Besides, HAART-associated drug toxicities can lead to nausea, diarrhea, lipodystrophy and increase risk of cardiovascular disease, atherosclerosis (18). The biggest drawback of HAART is the unaffordability of the treatment (6).


RNAi as a therapy for HIV

1. Genes Targeted:

Synthetically designed siRNAs or shRNA vectors have been used to target various viral genes such as the TAR element, and other protein-coding and regulatory viral genes such as rev, gag, pol, tat, env, vif, nef and reverse transcriptase (19).

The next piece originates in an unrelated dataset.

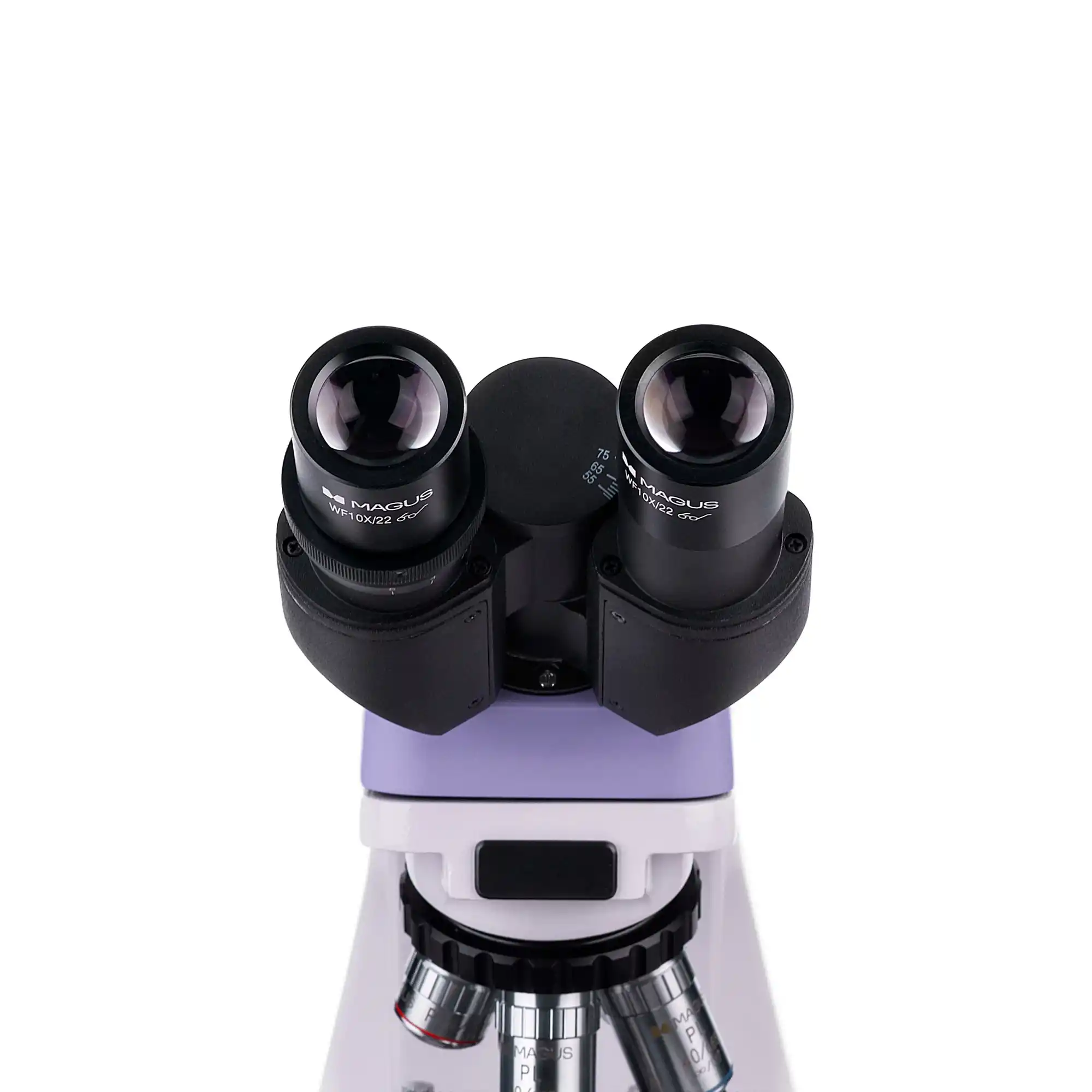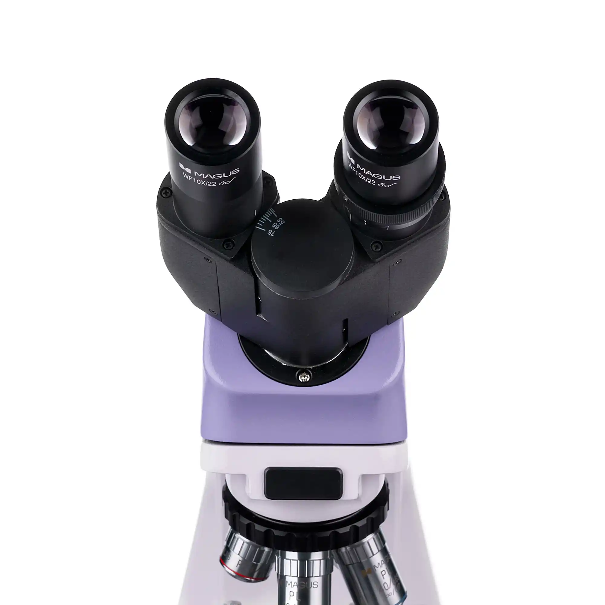 Mikroskop başlığının konumu uzun süreli çalışmalar için rahattır. Göz merceklerinin yüksekliği, göz merceği tüplerinin 360° döndürülmesiyle ayarlanabilir. Sol tüpte bir diyopter ayar halkası bulunur ve içine bir dijital kamera da monte edilebilir (kamera dahil değildir).

Scientists then came up with an alternative approach to target the host genes that are known to be involved in HIV entry and replication processes. The cellular cofactors required for HIV infection cycle are the HIV receptor CD4, the co-receptors CXCR4 and CCR5 and NFκβ which controls many genes involved in inflammation (20).  Several studies predict CCR55 to a promising target (4).

Use of small-interfering RNAs (si-RNAs): siRNA molecules are designed and identified, based on computational analysis of the target viral and host genes and/or high-throughput RNAi screening. These siRNA candidate molecules are then validated by mRNA cleavage assays. Novina et al. carried out studies on cell lines using siRNAs directed against the HIV CD4 receptor to prevent entry of the virus and siRNAs to silence the viral gag and nef genes, involved in viral replication. This was one of the preliminary studies which demonstrated the potential of siRNA technology as a plausible treatment option for HIV/AIDS. Naito et al., in 2007, designed several candidate anti-viral siRNA molecules against HIV-1. (21)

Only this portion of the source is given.